А теперь - сказка. Накрыл меня в Гранаде дождь. Аккурат в тот момент, когда я от Пуэрта Эльвира ("Por el arco de Elvira quiero verte pasar, para saber tu nombre y ponerme a llorar.") топала по calle Elvira в сторону площади Isabel la Catolica. Пришлось передвигаться короткими перебежками от укрытия к укрытию - зонта не было, а тоненькая куртка, хотя и с капюшоном, спасала мало... Как говорится, разверзлись хляби небесные. Но если бы не дождь... Зашла спрятаться от очередного опрокинутого с неба ушата воды в лавочку, где была распродажа керамики Там дядечка лет 60, хозяин лавки, закончил обслуживать женщину, договорился о доставке покупки и спросил, что угодно мне. Я сказала, что у меня осталось мало денег, но хотелось бы купить что-нибудь недорогое на память о городе. И добавила, что вообще-то я еще ищу одного молодого человека - может, знаете? - его Федерико зовут... Дядечка лукаво улыбнулся и сказал, что конечно знает! И добавил: "Федерико как-то сказал: если однажды потеряете меня, ищите меня в Гаване. ("Si me pierdo, que me busquen en La Habana". ) У меня, говорит, и табличка есть, где это написано." Табличка действительно висела на планшетке у самой двери. Но на табличку мне денег не хватило, да и куда мне ее вешать дома - некуда, а вот кружечку с гранадской росписью я у него купила Хотя сейчас думаю - надо было ту табличку взять...

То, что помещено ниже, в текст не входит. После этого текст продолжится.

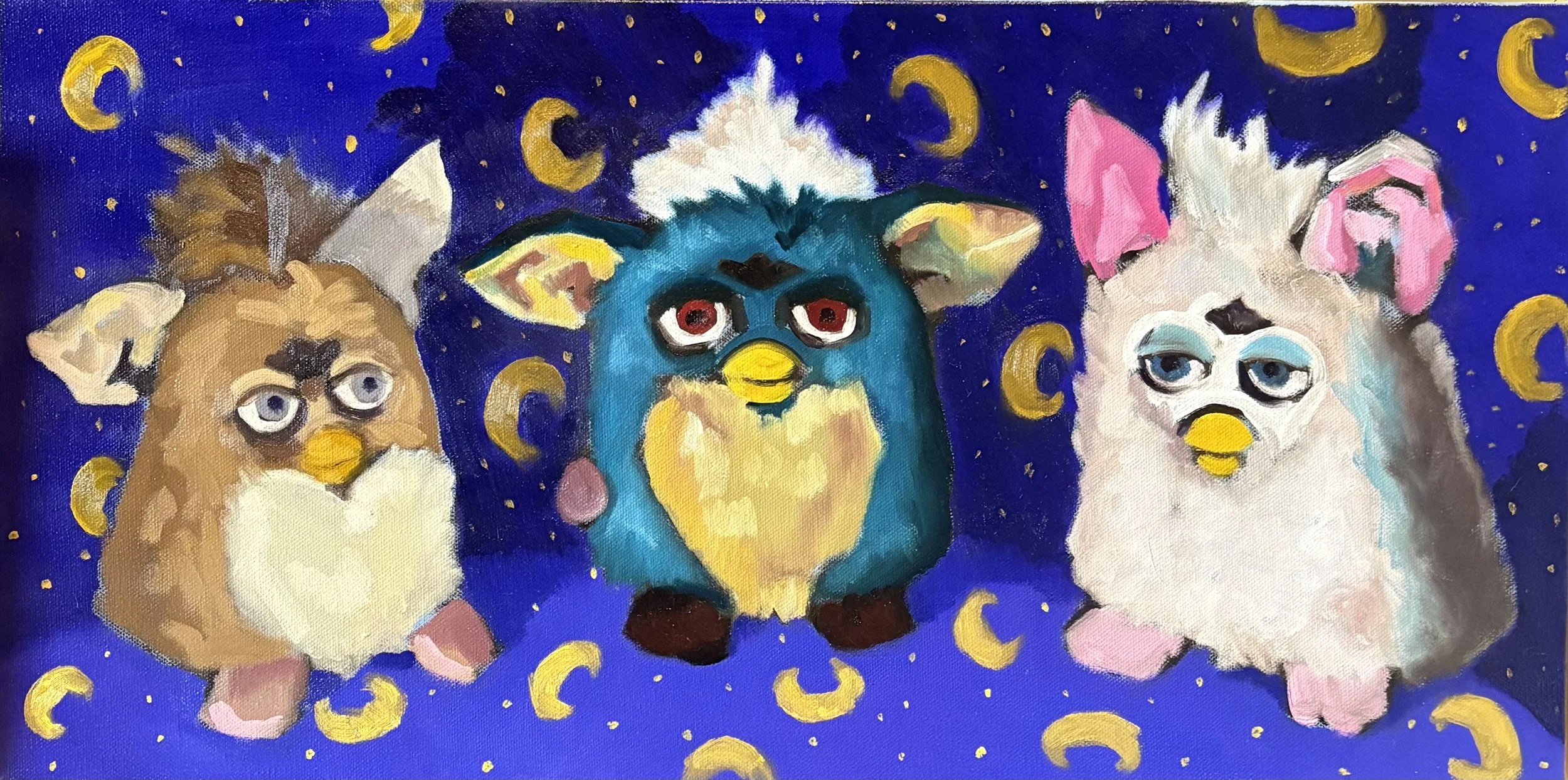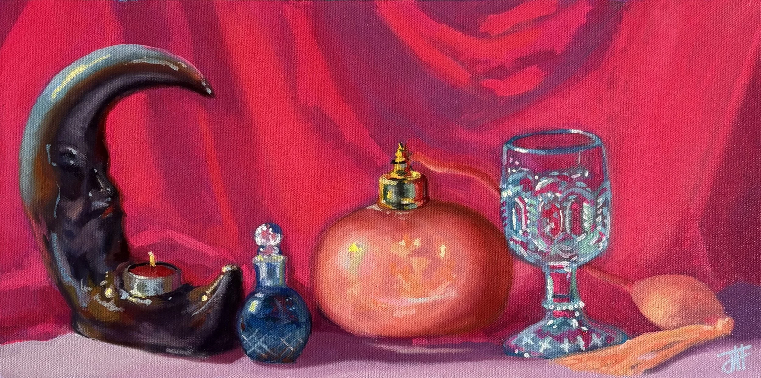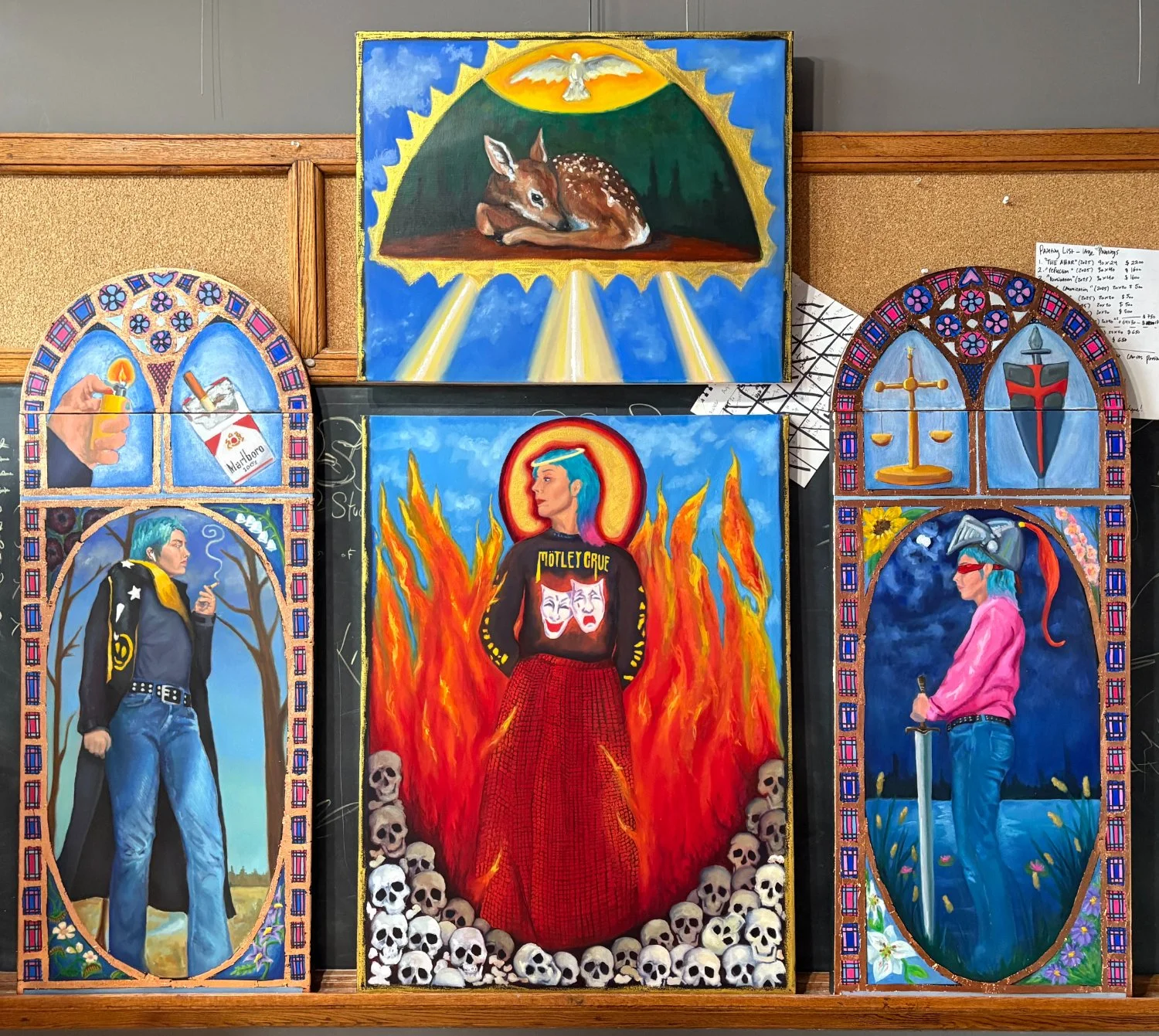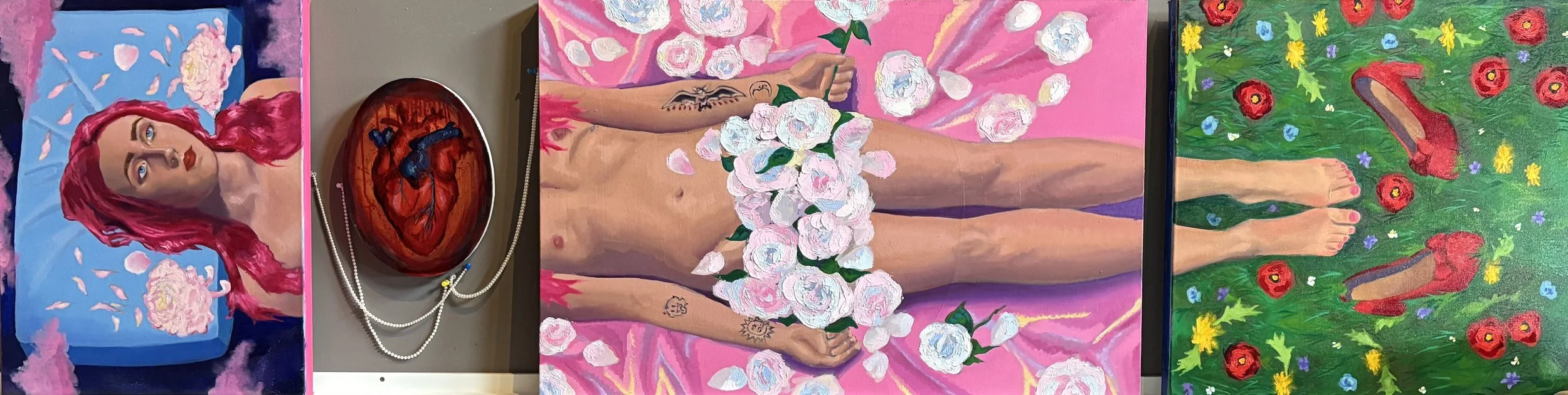 In ‘Altars we built ourselves,’ I explore the introspection and contemplation of gender often experienced by transgender and nonbinary individuals, with emphasis on these feelings and expressions not always aligning in a traditional way. With this show, I hope to give a window into my inner context to people who may not fully grasp the concept of transgender and nonbinary gender experiences, as well as a mirror to those who do. My work with both the figure and the portrait represents these freedoms in expressing oneself without the constricting ideals placed upon sex- and by using figure to subvert these gendered expectations it creates a space where people may be able to understand how unique experiences with gender can exist removed from the binary. Challenging the ideas of male and female; as well as what I like to refer to as the ‘void’ of gender expression. Exploring the relationships between sex and gender; and therefore gender and society- how upon birth we are placed into these boxes; and to challenge them is usurping the deepest and ‘first’ societal ideal we learn as human beings. Subverting them as a reference to revolutionary ideas, pushing against the binary of a wider scope of ideals. By utilizing these artistic references from Byzantine-era painting, I am fusing the identity of queer individuals into a long tapestry of symbolism. Using this as a vehicle of expression- to help center the ideas I am communicating to my audience- it unravels the deeper meaning of my work while at the same time challenging the institution of religion itself by reducing it to its most basic form.
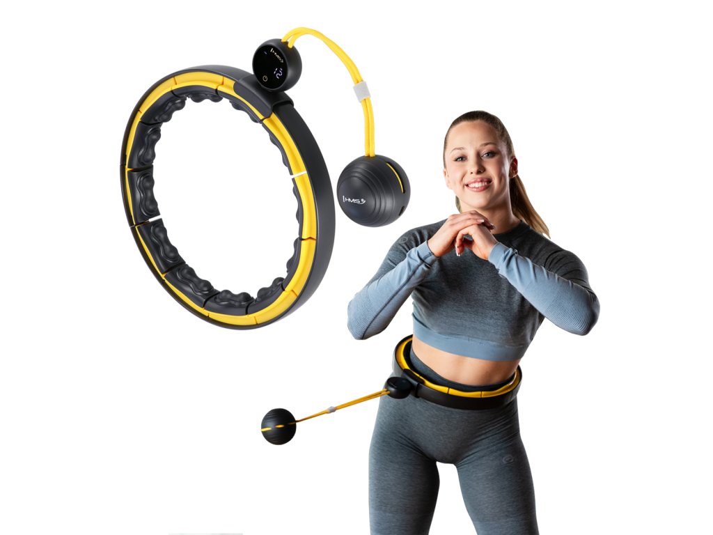 Masážní hula hoop HMS HHM21 se závažím, magnety a počítadlem černá/žlutá
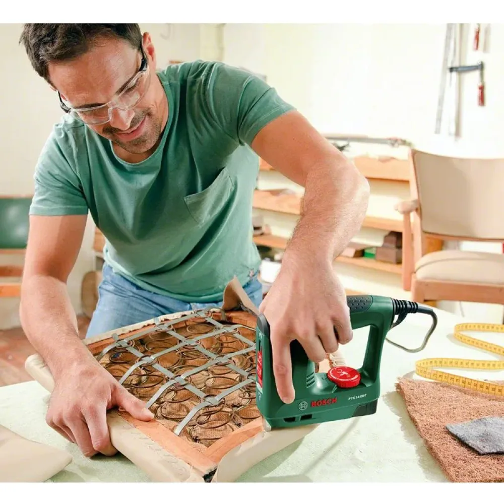 Bosch PTK 14 EDT предназначен для прихватывания и сшивания тонких материалов: текстиля, картона, кожи, изоляционной пленки. Также материалов, сходных с древесиной. Для крепления применяются скобы и гвозди.
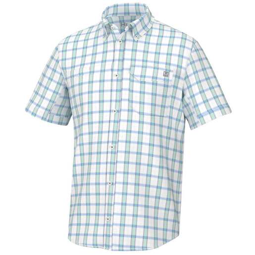Huk Men's Tide Point Button-Down Short-Sleeve Fishing Shirt - The Huk Tide Point Short-Sleeve provides superior performance, designed for comfort and durability both on and off the water. 100% polyester 30+ UPF Mechanical stretch Quick drying Moisture transport Mesh-backed chest pocket Perforated back Interior eyewear wipe Button roll up sleeves Chest pocket Style: H1500202
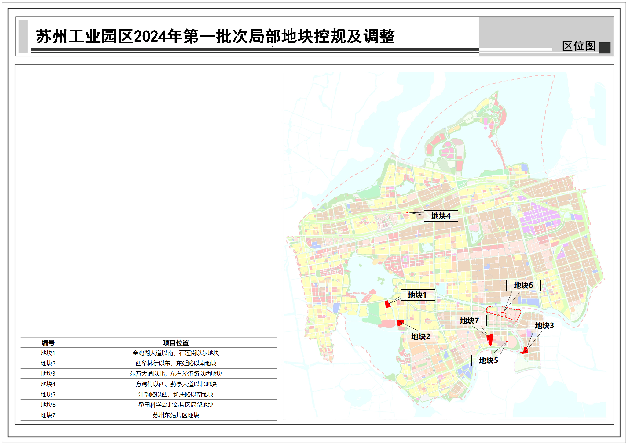 蘇州工業(yè)園區(qū)2024年第一批次局部地塊控規(guī)調整:共包括7個地塊,總用地面積約0.69平方公里,詳見附圖區(qū)位圖。

Хотела после паузы начать подробный отчет по порядку, но решила, что так интереснее, а отчет с течением времени начинает казаться пресноватым и скучным. Лучше - вот такие эпизоды... URL записи
Откомментировать эту запись я могу сейчас только так, как и год назад: на Кубу так на Кубу! Готовимся, копим средства, разрабатываем маршрут... Даже конкретные сроки уже намечены.:)
Хлещет по окнам ливень осенний; брызжут осколки струй на ступени, вымыв до глянца листья сирени. В сердце, как в поле, льет с небосклона... Плещет и плещет дождь монотонно.
Тонут в тумане мутные дали, тонет округа в смутной печали. Луч розоватой диагональю льется по мокрой раме оконной... Плещет и плещет дождь монотонный,
В сердце и в поле так нелюдимо! Рядом ни друга нет, ни любимой... Юность проходит тщетно и мимо... Лоб ощущает холод ладони. Ливень осенний все монотонней.
Ливень, как слезы... Вечер и ливень... Как не присниться сердцу и ниве, будто их доля станет счастливей, если прольется свет с небосклона? Плещет и плачет дождь монотонно.